* [The data]:
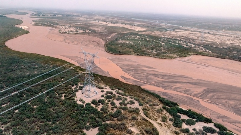 新疆環(huán)塔里木盆地750千伏輸電線(xiàn)路跨越車(chē)爾臣河(6月14日攝)。
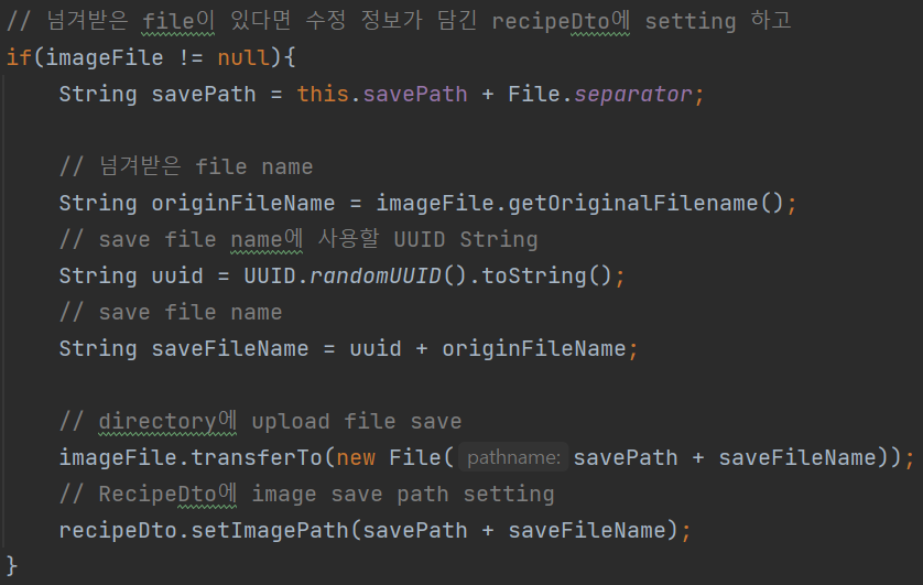 // 넘겨받은 file이 있다면 수정 정보가 담긴 recipeDto에 setting 하고
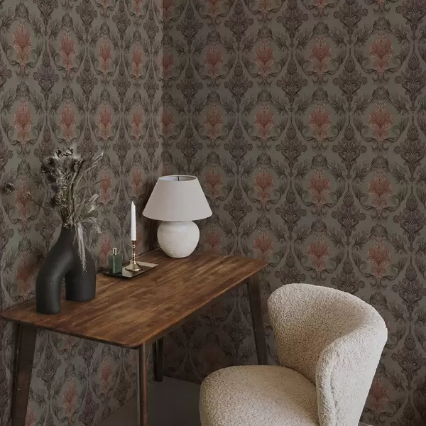 Papel tapiz Damasco terracota sobre fondo oliva apagado Nr. a00828v3
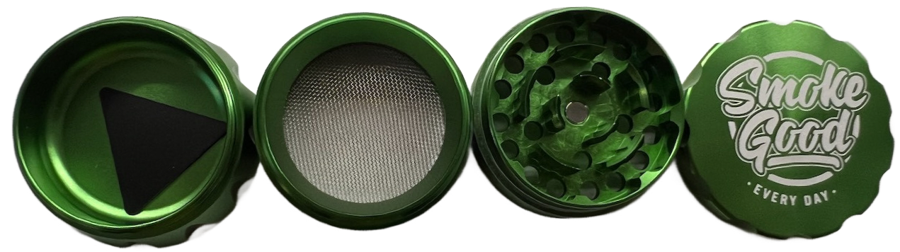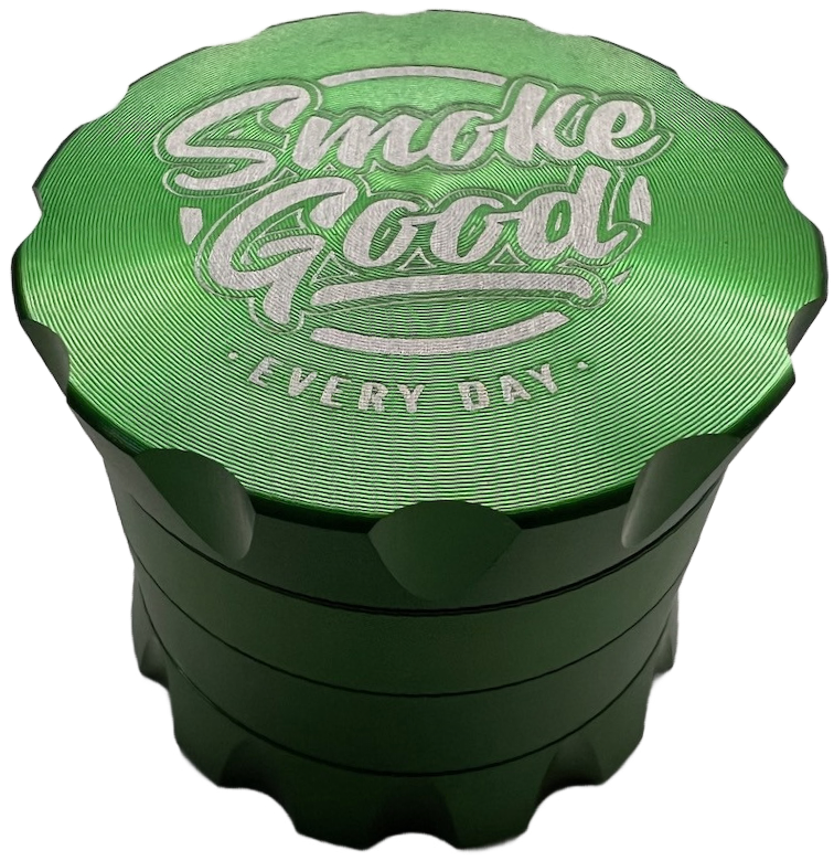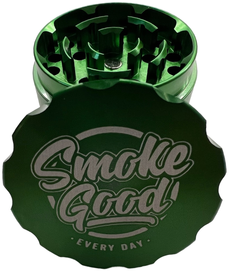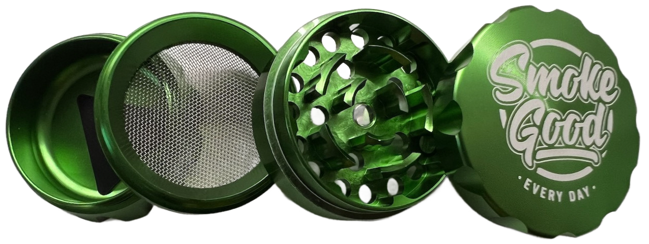 This vibrant green 4-piece grinder features a ridged top for added grip and visual flair, paired with a sleek, uniform body. Its sharp metal teeth and precision-cut holes deliver an effortless grind, while the built-in mesh screen filters fine particles into the lower chamber. Finished with the SmokeGood “EVERY DAY” engraving, this piece is equal parts bold and functional.

* [What the exercise asks]: For this exercise, return the data above exactly and leave every picture out.

* [Response box]:
 新疆環(huán)塔里木盆地750千伏輸電線(xiàn)路跨越車(chē)爾臣河(6月14日攝)。
 // 넘겨받은 file이 있다면 수정 정보가 담긴 recipeDto에 setting 하고
 Papel tapiz Damasco terracota sobre fondo oliva apagado Nr. a00828v3
 This vibrant green 4-piece grinder features a ridged top for added grip and visual flair, paired with a sleek, uniform body. Its sharp metal teeth and precision-cut holes deliver an effortless grind, while the built-in mesh screen filters fine particles into the lower chamber. Finished with the SmokeGood “EVERY DAY” engraving, this piece is equal parts bold and functional.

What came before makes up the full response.